Correct way of adding new columns/headers to a dataframe-CodePudding

I need to add new columns to a dataframe. Every column has a header and a value across all the rows (the value is the same for all the columns).

Right now im doing something like this:

array_of_new_headers = [...]
for column in array_of_new_headers:
   df[column] = 0

As a result I'm getting this message:

PerformanceWarning: DataFrame is highly fragmented. This is usually the result of calling frame.insert many times, which has poor performance. Consider joining all columns at once using pd.concat(axis=1) instead. To get a de-fragmented frame, use newframe = frame.copy()

It tells me to use concat, but, I don't need to concatenate two dataframes really, should I use concat for better performance and better code?

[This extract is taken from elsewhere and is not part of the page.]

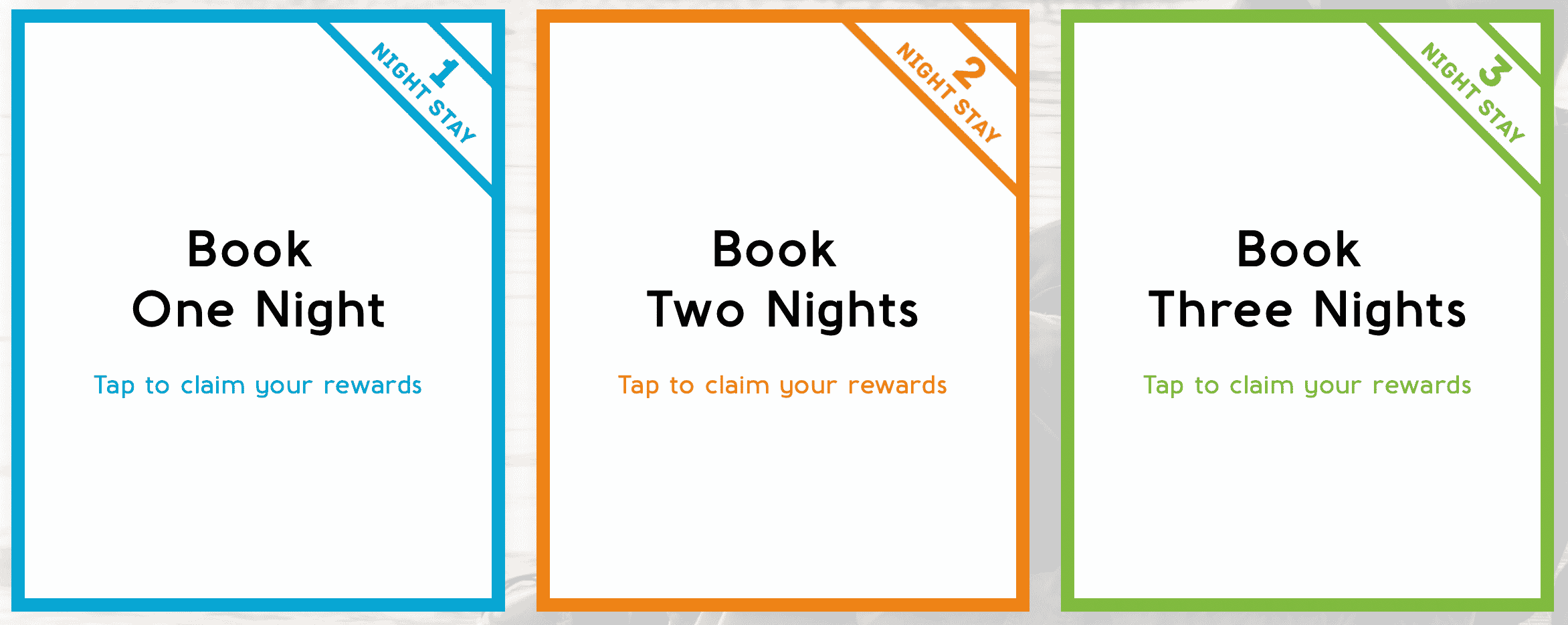 The three-night reward packages provide the best return, with as much as $225 in reward worth. Reserving a three-night keep gives the selection of the next rewards:

To me it doesn't really make sense unless I think of the arrays as also dataframes maybe.

CodePudding user response：

You can pass an unpacked dictionary with keys as column names, and values as value for the columns to pandas.DataFrame.assign :

>>> array_of_new_headers = [...]
>>> df.assign(**{c:0 for c in array_of_new_headers})

But the operation is immutable, so make sure to assign it back to the required variable.

CodePudding user response：

should I use concat for better performance

Beware so-called premature optimization, if your code does work rapidly enough for your needs then you might end simply wasting your time on trying to make it faster.